The function f(x) = 1/(ax^2 + bx + c) is a rational function with a quadratic denominator. There are three cases to consider for the quadratic ax^2 + bx + c with real number coefficients: the expression has two distinct real roots, the equation has one real root repeated, or the equation has two complex roots. Depending on the case, the method of integration is different.

If the quadratic expression has two distinct real roots, then you find the antiderivative of 1/(ax^2 + bx + c) by factoring the quadratic and using the method of partial fractions. If the expression has one repeated root, then the expression is a perfect square and can be integrated the same as 1/x^2. And finally, if the expression has no real roots, then you complete the square to put it in the form x^2 + r^2. Each of these cases is worked out with an example.


Example 1: Antiderivative of 1/(2x^2 + 12x + 10)

The quadratic 2x^2 + 12x + 10 factors as 2(x+1)(x+5), which has the roots x = -1 and x = -5. Since these are distinct real numbers, we must simplifly the integrand 1/[2(x+1)(x+5)] using the technique of partial fractions. The first thing we will do is factor out the 1/2 and just look at the rational function 1/[(x+1)(x+5)]. What we want to do is find some constants A and B such that

A/(x+1) + B/(x+5) = 1/[(x+1)(x+5)]

Giving both sides a like denominator produces the equivalent equation

A(x+5)/[(x+1)(x+5)] + B(x+1)/[(x+1)(x+5)] = 1/[(x+1)(x+5)]

Clearing the denominator gives us

A(x+5) + B(x+1) = 1
(A+B)x + (5A+B) = 0x + 1

This gives us two equations in two unknown variables A and B:

A + B = 0 and 5A + B = 1

Using methods of solving linear systems, we see that A = 1/4 and B = -1/4. Putting the factor of 1/2 back in gives us the equivalence

1/[2(x+1)(x+5)] = (1/8)/(x+1) + (-1/8)/(x+5)

And now we can compute the integral of 1/[2(x+1)(x+5)] as follows:

∫ 1/[2(x+1)(x+5)] dx
= ∫ (1/8)/(x+1) dx + ∫ (-1/8)/(x+5) dx
= (1/8)Ln(x+1) - (1/8)Ln(x+5) + C
= (1/8)Ln[ (x+1)/(x+5) ] + C

Example 2: Antiderivative of 1/(2x^2 + 12x + 18)

The quadratic expression 2x^2 + 12x + 18 factors into 2(x+3)(x+3) = 2(x+3)^2, which has the repeated real root x = -3. This case can be integrated using a simple u-substitution.
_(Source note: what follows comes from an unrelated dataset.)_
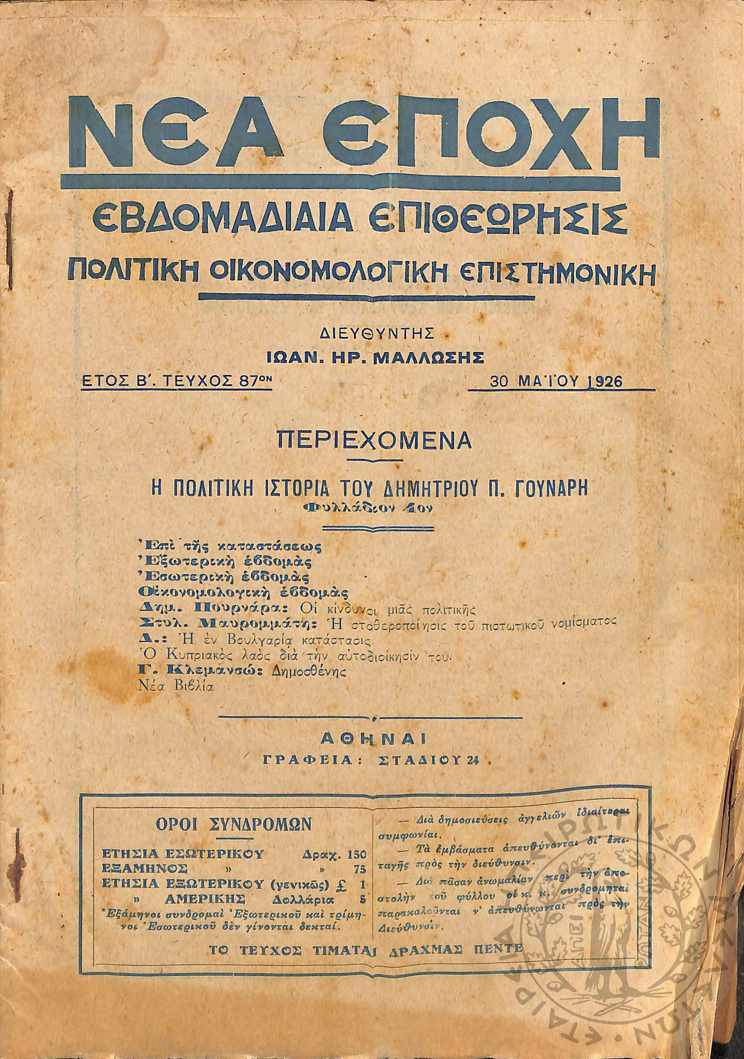 Νέα εποχή: εβδομαδιαία επιθεώρησις πολιτική, οικονομολογική, επιστημονική (τεύχ. 87)Έτος Β΄, τεύχ. 87...

First we have

∫ 1/[2x^2 + 12x + 18] dx
= (1/2) * ∫ 1/(x+3)^2 dx

Now we use the substitution x = u - 3 with dx = du. This gives us

(1/2) * ∫ 1/(x+3)^2 dx
= (1/2) * ∫ 1/u^2 du
= (1/2) * -1/u + C
= -1/(2u) + C

And now the reverse substitution gives us

-1/(2u) + C
= -1/(2x + 6) + C

Example 3: Antiderivative of 1/(2x^2 + 12x + 26)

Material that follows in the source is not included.